Thanks for the detailed response

ZFS volumes appear as mounted volumes in the side bar, and they have the "eject" icon on them. Macintosh HD also appears, but without the "eject" button.


Agree, we don't know how to prevent the ZFS datasets from being ejectable at this point. There appears to be no harm in them being ejectable, unless of course you eject one accidentally.
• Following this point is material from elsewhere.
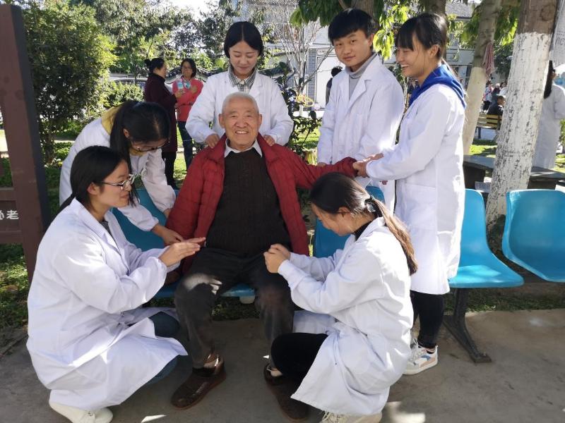 2018年11月14日,红嘴鸥开始来洱海过冬了,冬日暖阳照在大理市南山养老院里。bat365中文官方网站基础教学部党支部,带领院团委汉服社、爱心社、中医社的60名学生到养老院进行“党建带团建,中华传统美德师生行”活动。

The first and easiest way to see that ZFS doesn't mount quickly enough is to set some app to "Open at Login" and have it immediately try to access some file in the ZFS volume. For example, I tried making VMWare Fusion open a particular VM at login, but it would pop up an error message saying machine could not be found, or something like that. To workaround that issue, I actually (sadly) use this crontab:

@reboot while [ ! -f '/Volumes/Virtual_Machines/Windows_10.vmwarevm/Virtual Disk.vmdk' ] ; do sleep 1 ; done ; sleep 5 ; open '/Applications/VMware Fusion.app'


Ah yes, its certainly true that there is no coordination as to when ZFS volumes become available verses when a user can login to a machine. It is because once the ZFS drivers are loaded it takes some time for the drives to be ready for use, and there is nothing in OSX that will cause it to wait for "all drives" to be available. The only way we can see of doing this is to modify the launchd item that starts the login screen to wait for ZFS. This has been discussed and rejected because it requires modifications to files that we feel could ultimately cause other problems for users.
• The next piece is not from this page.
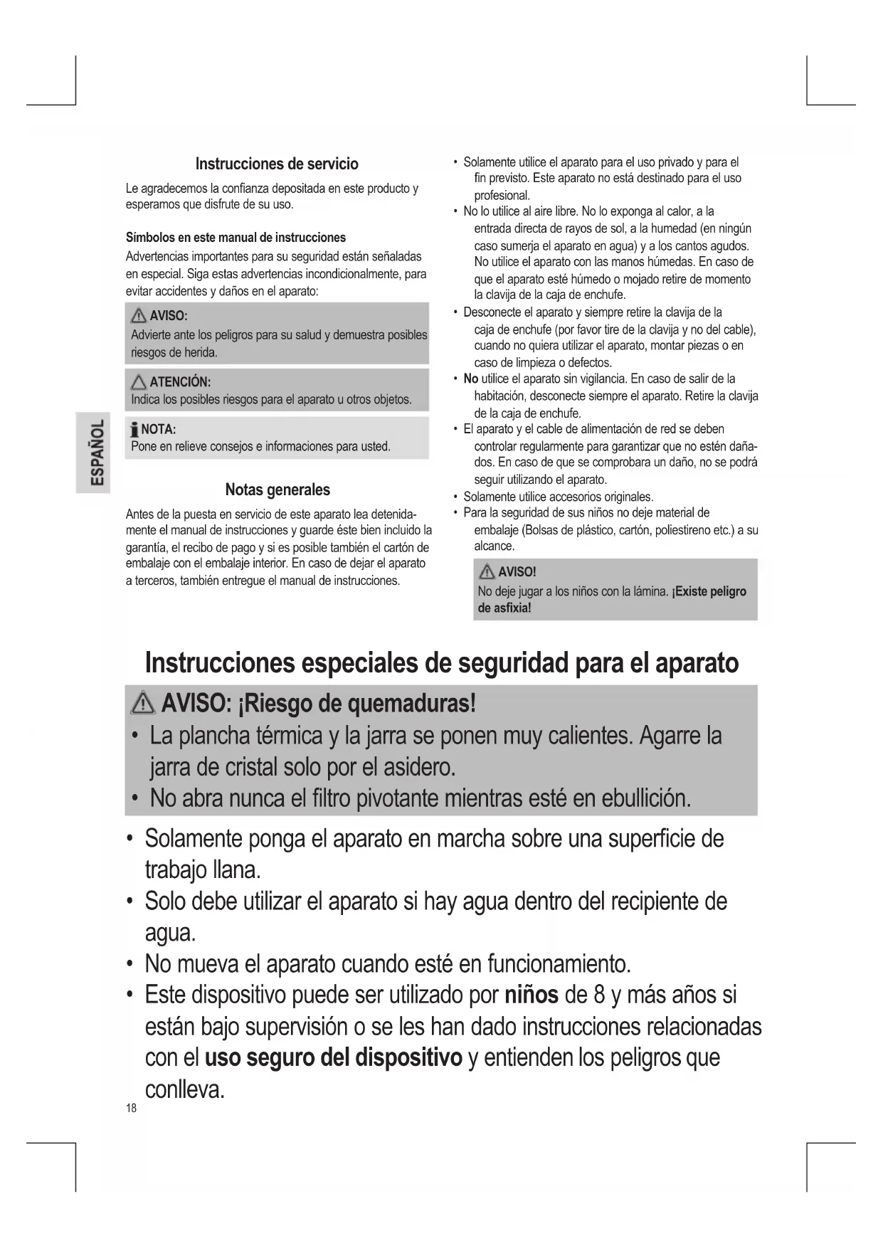 • La plancha térmica y la jarra se ponen muy calientes. Agarre la

The same issue applies if you use ZFS has your home directory, you have to wait after boot for the drives to mount before attempting to login.
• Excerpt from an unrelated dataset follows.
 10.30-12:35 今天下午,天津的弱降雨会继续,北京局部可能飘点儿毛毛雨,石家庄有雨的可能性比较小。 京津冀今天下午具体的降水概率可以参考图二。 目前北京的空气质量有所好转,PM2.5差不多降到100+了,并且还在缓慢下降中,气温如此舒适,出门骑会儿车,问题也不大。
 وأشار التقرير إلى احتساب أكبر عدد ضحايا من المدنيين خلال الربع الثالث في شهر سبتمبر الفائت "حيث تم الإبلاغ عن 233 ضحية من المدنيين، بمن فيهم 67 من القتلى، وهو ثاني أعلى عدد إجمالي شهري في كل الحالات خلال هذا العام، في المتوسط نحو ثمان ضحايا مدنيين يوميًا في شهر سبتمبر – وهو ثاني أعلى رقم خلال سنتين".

When I close the lid of the computer, the computer sleeps. If I open it up again a little while later, everything is fine, which shows you that ZFS doesn't unmount for sleeps, and sleeps are no problem. But if you leave the lid closed for a long time (overnight) then the computer hibernates. In this case, OSX dumps all of its ram to disk, and unmounts everything, including Macintosh HD, and powers off. When you power on again, it remounts Macintosh HD, and loads all the RAM back from disk, before waking up any of the apps. It's *supposed* to be just like waking up from sleep, except it doesn't work that way in reality. For whatever reason, Macintosh HD obviously comes back before any of the apps, but the ZFS volumes don't mount quickly enough, so apps come back at the same time as ZFS, or earlier. I don't know if apps consistently come back faster than ZFS, or if there's a race, but I know I've never seen ZFS win the race. Every time I've done this so far, VMware gives me a message about virtual machine unavailable (or something like that) and the only option is to close vmware. This is not a problem if the guest VM is housed on Macintosh HD; only when the VM is housed on a "removable" volume such as ZFS.


I understand your description and will try to replicate. As stated yesterday ZFS does not unmount drives during hibernate. However this does not preclude your symptoms being caused by some similar effect.